There’s also the kind of experience you can’t get at a theme park: a proper hot lap around 3.4 miles of Grand Prix asphalt. That’s a different kind of rollercoaster, and the plan is to make it a fixture. The more people who come for thrills and leave talking about apexes and braking zones, the more sustainable the venue becomes — with or without a Sprint, and, crucially, less reliant on one weekend a year.

That independence gives Austin unusual freedom in the Sprint conversation. Many promoters would welcome any format that packs the stands. COTA is chasing a more nuanced metric: satisfaction. More sessions, tighter schedules, Saturday jeopardy — Sprint weekends do energize the on-site experience. But if Stefano Domenicali decides to add more Sprints, Austin will shrug and get on with what it already does well.
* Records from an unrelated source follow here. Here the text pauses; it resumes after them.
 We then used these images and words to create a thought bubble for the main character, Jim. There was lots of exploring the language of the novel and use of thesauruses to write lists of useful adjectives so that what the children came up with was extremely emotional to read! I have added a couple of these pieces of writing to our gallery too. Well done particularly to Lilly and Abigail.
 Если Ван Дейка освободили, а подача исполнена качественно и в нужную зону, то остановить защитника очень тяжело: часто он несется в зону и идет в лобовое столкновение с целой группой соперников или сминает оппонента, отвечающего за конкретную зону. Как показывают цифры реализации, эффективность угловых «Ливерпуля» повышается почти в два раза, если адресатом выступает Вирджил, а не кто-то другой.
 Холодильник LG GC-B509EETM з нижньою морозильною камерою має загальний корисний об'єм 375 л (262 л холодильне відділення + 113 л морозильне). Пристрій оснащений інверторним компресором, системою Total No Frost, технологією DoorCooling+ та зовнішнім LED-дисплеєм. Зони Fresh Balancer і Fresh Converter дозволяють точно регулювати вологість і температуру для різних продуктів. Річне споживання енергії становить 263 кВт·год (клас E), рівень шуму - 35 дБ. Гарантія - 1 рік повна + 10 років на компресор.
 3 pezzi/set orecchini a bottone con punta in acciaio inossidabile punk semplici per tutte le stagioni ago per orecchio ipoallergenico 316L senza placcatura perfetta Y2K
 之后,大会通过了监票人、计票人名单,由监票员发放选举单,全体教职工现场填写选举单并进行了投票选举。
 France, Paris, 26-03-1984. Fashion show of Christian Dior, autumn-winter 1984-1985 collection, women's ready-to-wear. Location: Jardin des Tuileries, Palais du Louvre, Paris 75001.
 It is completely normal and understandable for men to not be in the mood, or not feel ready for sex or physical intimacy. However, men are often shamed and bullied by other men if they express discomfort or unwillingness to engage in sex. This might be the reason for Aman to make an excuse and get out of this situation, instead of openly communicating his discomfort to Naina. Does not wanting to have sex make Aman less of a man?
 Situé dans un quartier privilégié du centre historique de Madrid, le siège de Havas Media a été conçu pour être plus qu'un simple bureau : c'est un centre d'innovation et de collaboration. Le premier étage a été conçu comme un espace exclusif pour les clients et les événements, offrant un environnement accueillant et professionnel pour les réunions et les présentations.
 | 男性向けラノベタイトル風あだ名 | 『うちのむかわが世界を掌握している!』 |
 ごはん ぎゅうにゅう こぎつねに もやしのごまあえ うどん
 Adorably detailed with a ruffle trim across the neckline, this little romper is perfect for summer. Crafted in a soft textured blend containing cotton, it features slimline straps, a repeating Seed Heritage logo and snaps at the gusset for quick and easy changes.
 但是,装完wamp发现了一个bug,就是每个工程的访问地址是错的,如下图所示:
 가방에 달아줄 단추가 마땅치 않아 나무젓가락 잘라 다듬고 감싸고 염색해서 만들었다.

That includes serving up compelling grands prix. Last year, Ferrari and Charles Leclerc were headline material in Texas, a reminder that COTA’s old-school layout still coaxes drama out of today’s complex cars. The show usually takes care of itself in Austin. Epstein’s job is making sure the week around it does too.

In the end, his stance is refreshingly promoter-first. If Sprints come, great — they’ll be another piece of content in a packed weekend. If they don’t, Austin won’t lose sleep. The campus keeps growing, the fans keep coming, and the United States Grand Prix carries on as one of F1’s most complete events. The rest? Just details.